Dermal mitotic activity was defined as “present” if at least two reference pathologists had registered this. Cases, where only one of the three pathologists registered a dermal mitosis, were re-assessed specifically for dermal mitotic activity by one of the three reference pathologists (WB).
Whole-slide imaging assessment
The set of whole-slide images (n = 102) was assessed by six nonacademic surgical pathologists (referred to as “study pathologists”), with a subspecialty in dermatopathology (AO, CW, EE, EK, HK, and MvD). Cases were diagnosed using Pannoramic Viewer (3DHistech, version 1.15.4) on a 24-inch ultra HD color calibrated monitor (Dell UltraSharp; resolution: 3840 × 2160 pixels). Calibration of the monitor was performed using a Datacolor Spyder3 Elite colorimeter. The participating pathologists followed a short course using the slide viewer, particularly emphasizing the software focusing option. They were instructed to assess a WSI first without using the software focusing option. Subsequently, the study pathologists were allowed to immediately re-assess the WSI using the software focusing option, if deemed necessary. All cases, including nevoid melanoma, were offered to the study pathologists with clinical information (age, gender, and location on the skin) and were classified identical to the classification performed by the reference pathologists (i.e., using a four-tier system).
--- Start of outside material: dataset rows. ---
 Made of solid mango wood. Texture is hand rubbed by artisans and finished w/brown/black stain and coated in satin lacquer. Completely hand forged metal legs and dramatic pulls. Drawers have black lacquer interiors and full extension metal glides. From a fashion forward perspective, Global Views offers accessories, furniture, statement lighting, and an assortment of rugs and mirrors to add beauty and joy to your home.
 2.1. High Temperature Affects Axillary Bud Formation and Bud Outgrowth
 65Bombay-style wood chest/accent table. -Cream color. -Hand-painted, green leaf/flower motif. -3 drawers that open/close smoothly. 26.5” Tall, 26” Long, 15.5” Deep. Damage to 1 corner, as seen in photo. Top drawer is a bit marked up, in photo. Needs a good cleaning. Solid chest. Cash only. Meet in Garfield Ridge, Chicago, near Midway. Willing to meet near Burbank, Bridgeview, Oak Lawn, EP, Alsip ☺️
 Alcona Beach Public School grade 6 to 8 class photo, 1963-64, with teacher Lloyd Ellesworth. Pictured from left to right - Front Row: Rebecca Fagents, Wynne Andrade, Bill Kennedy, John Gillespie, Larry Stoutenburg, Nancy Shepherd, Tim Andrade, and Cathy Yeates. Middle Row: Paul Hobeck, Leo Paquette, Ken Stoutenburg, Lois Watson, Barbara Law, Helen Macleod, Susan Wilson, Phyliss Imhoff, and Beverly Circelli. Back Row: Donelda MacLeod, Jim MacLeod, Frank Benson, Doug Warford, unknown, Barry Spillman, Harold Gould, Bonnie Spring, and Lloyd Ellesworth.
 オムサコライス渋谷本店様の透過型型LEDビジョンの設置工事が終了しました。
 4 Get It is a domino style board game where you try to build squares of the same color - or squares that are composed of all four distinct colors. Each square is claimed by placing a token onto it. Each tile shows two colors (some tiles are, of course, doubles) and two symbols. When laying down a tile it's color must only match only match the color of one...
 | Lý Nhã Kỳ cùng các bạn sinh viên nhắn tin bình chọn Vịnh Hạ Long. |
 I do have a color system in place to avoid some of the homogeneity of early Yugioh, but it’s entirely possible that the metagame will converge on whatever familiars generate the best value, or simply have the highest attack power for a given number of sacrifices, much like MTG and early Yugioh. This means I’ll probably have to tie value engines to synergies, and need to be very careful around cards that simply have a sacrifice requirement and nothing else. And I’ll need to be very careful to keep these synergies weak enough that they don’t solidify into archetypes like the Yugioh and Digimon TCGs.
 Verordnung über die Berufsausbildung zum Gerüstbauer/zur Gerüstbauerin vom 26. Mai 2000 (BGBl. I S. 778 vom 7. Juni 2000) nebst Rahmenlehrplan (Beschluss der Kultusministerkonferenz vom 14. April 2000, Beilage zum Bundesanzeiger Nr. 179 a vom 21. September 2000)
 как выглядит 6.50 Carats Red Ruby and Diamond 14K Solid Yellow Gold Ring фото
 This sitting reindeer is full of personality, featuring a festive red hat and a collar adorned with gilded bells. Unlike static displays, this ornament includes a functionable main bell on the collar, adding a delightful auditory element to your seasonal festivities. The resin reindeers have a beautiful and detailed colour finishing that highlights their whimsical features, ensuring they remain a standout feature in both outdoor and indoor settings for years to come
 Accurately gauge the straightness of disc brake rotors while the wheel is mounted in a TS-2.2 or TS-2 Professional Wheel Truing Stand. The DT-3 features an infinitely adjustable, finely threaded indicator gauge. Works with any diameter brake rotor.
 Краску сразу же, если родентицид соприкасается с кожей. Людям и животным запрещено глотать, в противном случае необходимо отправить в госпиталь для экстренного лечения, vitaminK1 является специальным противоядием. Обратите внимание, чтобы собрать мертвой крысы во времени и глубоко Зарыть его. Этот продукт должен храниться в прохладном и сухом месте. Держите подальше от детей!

For statistical analysis, the four-tier scheme defined above was downsized to a three-tier system by combining high-risk and low-risk MELTUMP, as clinical management of these lesions is largely identical. Concordanceof pathologists with the consensus diagnosis was expressed as the number and percentage of cases with identical diagnosis (in the three-tier system) for every subclass as well as overall. As an overall measure of concordance of the study pathologists with the consensus diagnosis, Kappa statistics with 95% confidence intervals (CIs) were calculated. The effect of using software focusing was analyzed using Chi-Square tests with 95% CIs.
| Results|| |
A consensus diagnosis by the reference pathologists could initially be achieved in 81 (88%) of 92 cases. After blindly admitting discordant cases (n = 11) a second time to the individual reference pathologists, consensus was reached in 89 (97%) of the cases. Therefore, the set of WSI assessed by the study pathologists contained 99 cases (35 benign, 4 MELTUMP, and 60 malignant, including 10 nevoid melanoma). The concordance of the individual reference pathologists with the consensus diagnosis is shown in [Table 1]. Except for MELTUMP cases, concordance exceeded 91% for every pathologist for both benign and malignant cases. MELTUMP concordances were lower (average 66.7%), but the set of cases was very small (n = 4). It should be noted that in [Table 1], reference pathologists' diagnoses are compared with the reference diagnosis, which itself was partly based on the studied diagnoses. The purpose of this analysis is to better understand the quality of the reference standard used here and should not be considered an independent measure for individual pathologists' performance.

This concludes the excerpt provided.